By Patricia Morgan
While watching Oprah on television one day, I heard Dr. Phil McGraw make an impactful comment. He basically said that parents, particularly mothers who have a tendency to martyr for their families, have an obligation to take care of their children’s caregiver. As parents, we are duty-bound to spend adequate time tending to our own well being. Not only is it not selfish, it is essential for our physical, mental and emotional health. It is impossible to pour from an empty teapot. If the caregiver stresses out or becomes ill, there is no one left to look after anyone.
Parents are the model of how to manage the adult years. We provide the example of how to be successful women or men and how to create and maintain healthy marriages and family life. We do ourselves and our children a disservice by poorly managing first by our self care responsibilities and second, if married, our primary love relationship. We need to take time out from children focused days to nurture our own identity separate from being Mom or Pop and also take time to cherish our main squeeze relationship.
There are reams of beauty salons, spas, magazines, television shows and books steeped with ideas for self care, pampering and couple enrichment. Who has time to amass all this information? Here are some quick ideas:
Self Care Breaks
1. Write “self care break” into your daytimer and keep the commitment.
2. Do something each day to nurture yourself physically (take a walk), mentally (read the paper), emotionally (call a friend) and spiritually (meditate). Do your chosen activity for a few minutes or much longer.
3. Julia Cameron, in The Artist’s Way, suggests that we create a personal and special space, even if it is a window sill, where we can come back to ourselves.
4. Nap when you can. Research studies report that napping increases energy and focus.
5. Transform self care routines into mini breaks. Take in a long and appreciative breath as you smell your hair shampoo, feel your undies and taste your favourite breakfast. Change what doesn’t satisfy you.

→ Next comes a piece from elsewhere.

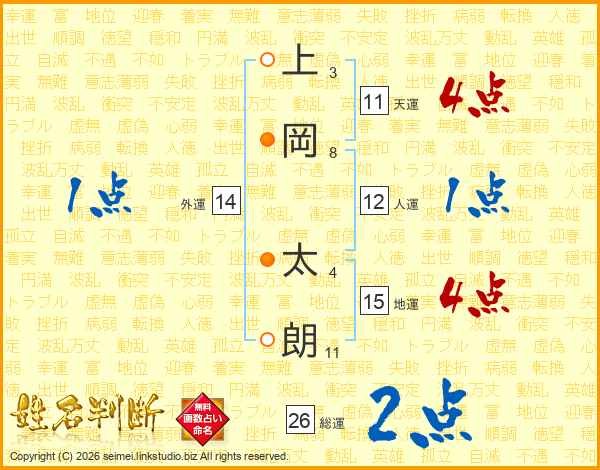 上岡太朗さんの天運は11画の4点!

6. Sarah Ban Breathnach, in Simple Abundance, encourages us to let nature give us a break from our fast paced living, “Take off your shoes. Feel the earth beneath your feet.”

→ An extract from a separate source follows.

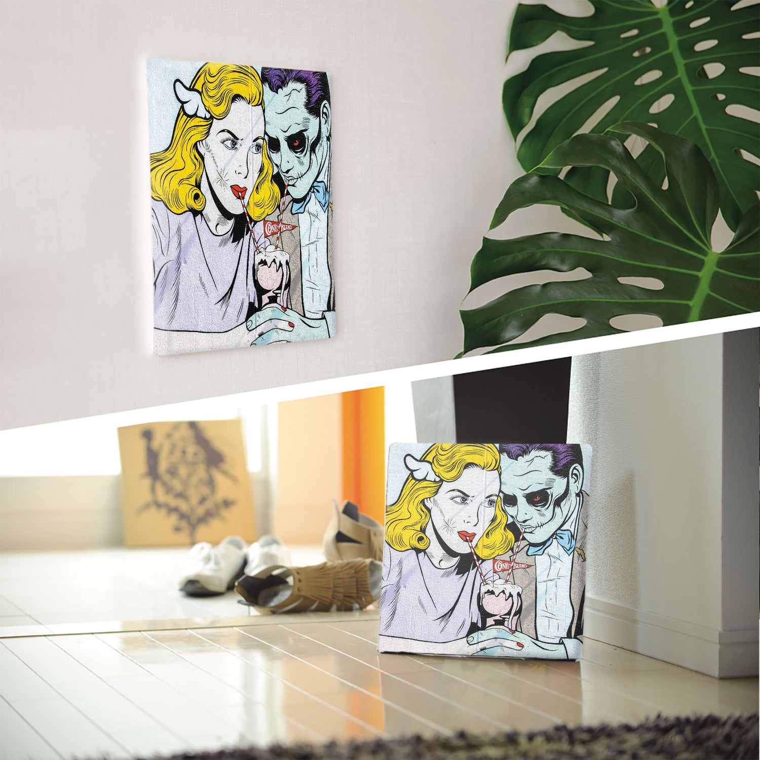 軽量な木枠とキャンバスからできており、特別な加工は必要なくそのまま飾ることができます。

7. Discover what pleases your eyes, ears, taste, social needs and creative needs. Then make space for them. Alice Koller said “Perhaps loving something is the only starting place there is for making your life your own.”
8. Light a candle, daydream, write in a journal, soak in a bubble bath or get a massage.
9. Let the answering machine attend to messages.
10.Pay for child care or trade with a friend to free up time for the above.
“Mommy and Daddy Time” Breaks
1. Go on, at least, a monthly “date.” Take turns deciding the outing.
2. Daily greet each other with hug, kiss and “I’m glad you’re home.”
3. Regularly have five to 10 minutes pillow talk.
4. Have one mutually favourite television show to watch while cuddling.
5. For a high couple enhancement break attend the Banff Couples Conference.